An image-free, exact copy of the records below is required.

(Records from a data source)
┌────────

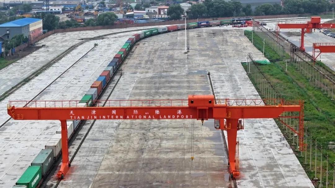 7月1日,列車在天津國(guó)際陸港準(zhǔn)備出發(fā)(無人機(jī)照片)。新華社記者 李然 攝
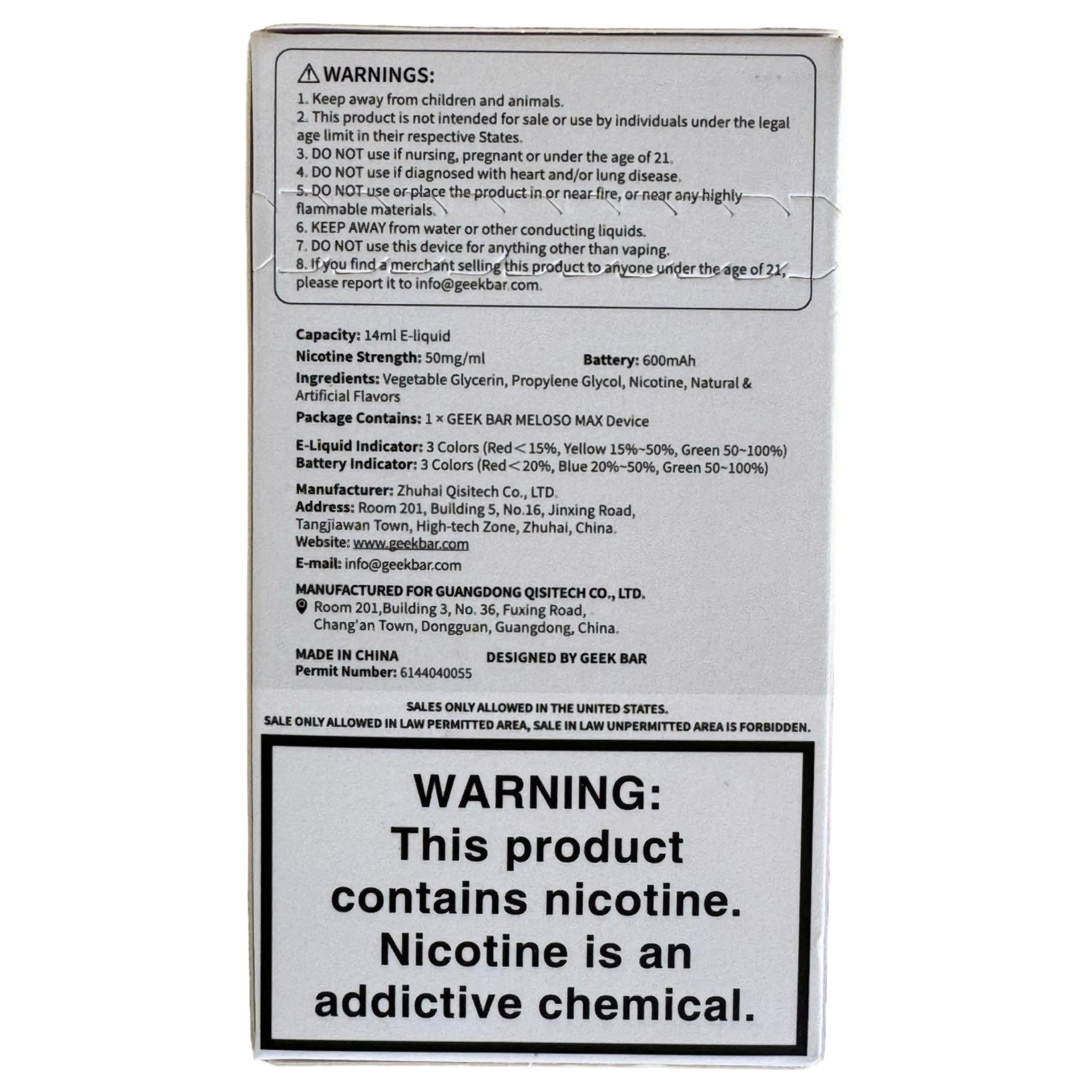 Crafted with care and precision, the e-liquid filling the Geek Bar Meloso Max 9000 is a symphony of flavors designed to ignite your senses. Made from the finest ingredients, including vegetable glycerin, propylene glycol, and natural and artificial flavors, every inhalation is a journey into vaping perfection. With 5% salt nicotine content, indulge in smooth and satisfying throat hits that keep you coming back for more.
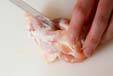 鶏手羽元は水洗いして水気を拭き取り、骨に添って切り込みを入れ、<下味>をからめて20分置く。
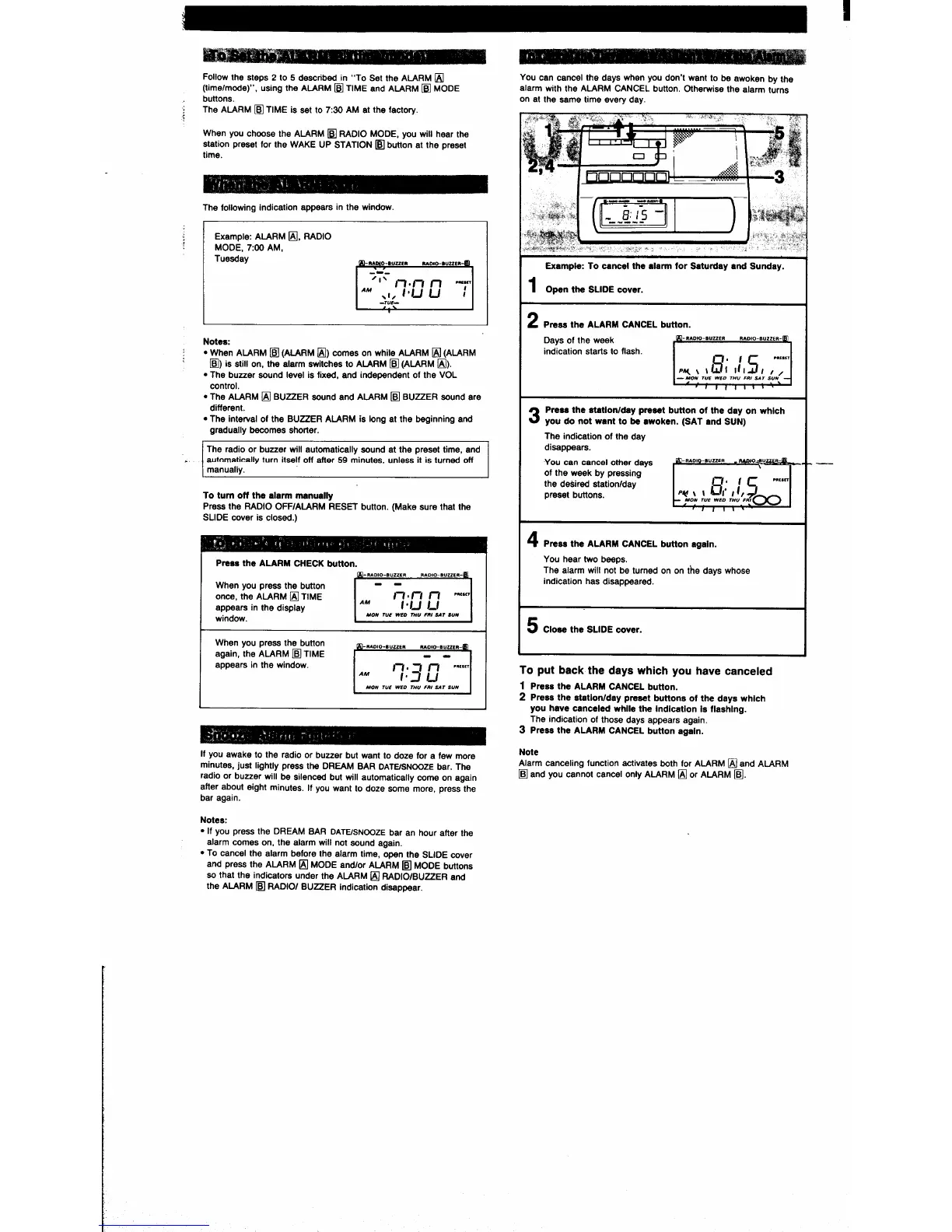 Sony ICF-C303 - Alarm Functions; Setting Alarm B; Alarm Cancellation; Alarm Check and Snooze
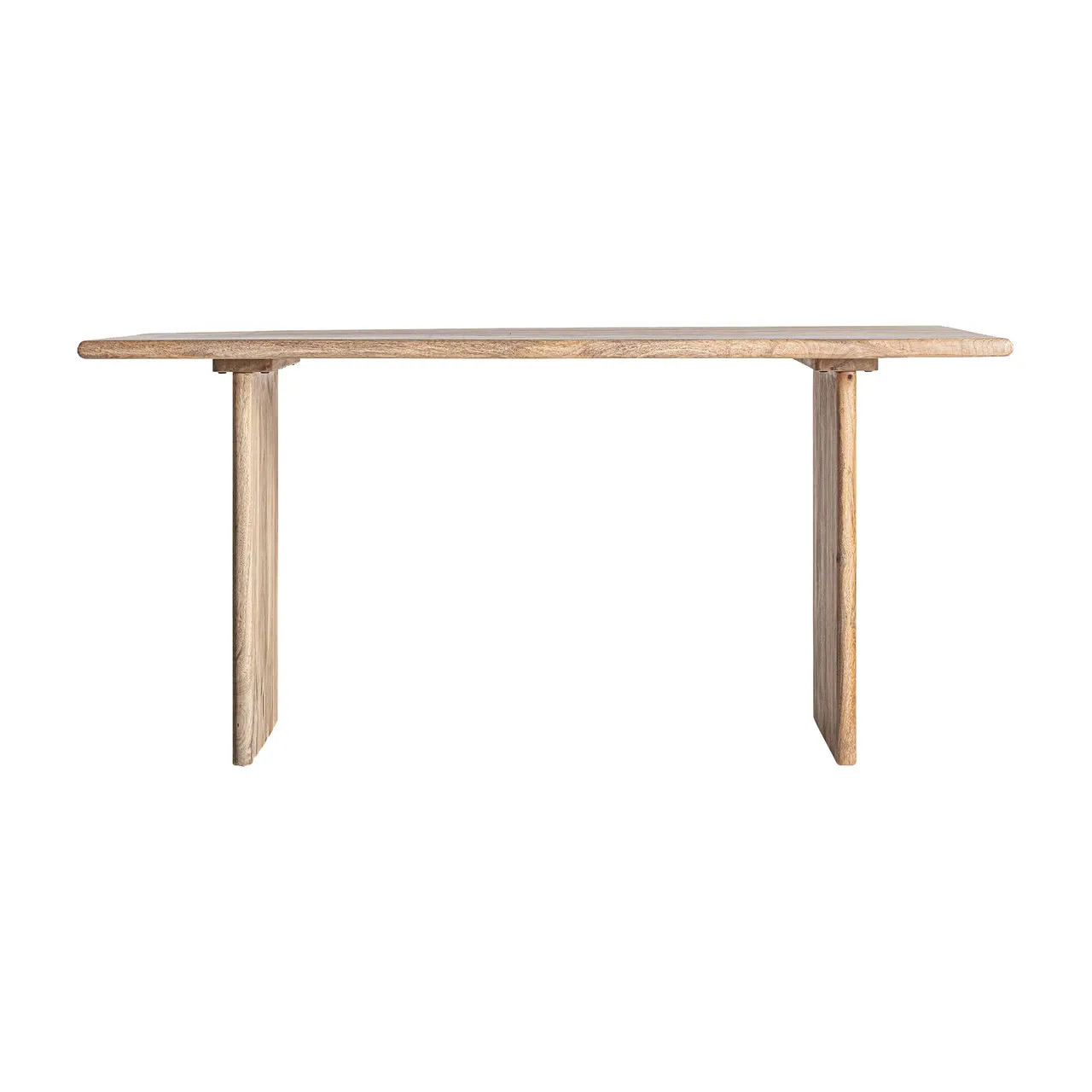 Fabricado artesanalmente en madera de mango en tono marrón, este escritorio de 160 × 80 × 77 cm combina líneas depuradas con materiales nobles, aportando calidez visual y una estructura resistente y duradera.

└────────

» SOLUTION BELOW:
 7月1日,列車在天津國(guó)際陸港準(zhǔn)備出發(fā)(無人機(jī)照片)。新華社記者 李然 攝
 Crafted with care and precision, the e-liquid filling the Geek Bar Meloso Max 9000 is a symphony of flavors designed to ignite your senses. Made from the finest ingredients, including vegetable glycerin, propylene glycol, and natural and artificial flavors, every inhalation is a journey into vaping perfection. With 5% salt nicotine content, indulge in smooth and satisfying throat hits that keep you coming back for more.
 鶏手羽元は水洗いして水気を拭き取り、骨に添って切り込みを入れ、<下味>をからめて20分置く。
 Sony ICF-C303 - Alarm Functions; Setting Alarm B; Alarm Cancellation; Alarm Check and Snooze
 Fabricado artesanalmente en madera de mango en tono marrón, este escritorio de 160 × 80 × 77 cm combina líneas depuradas con materiales nobles, aportando calidez visual y una estructura resistente y duradera.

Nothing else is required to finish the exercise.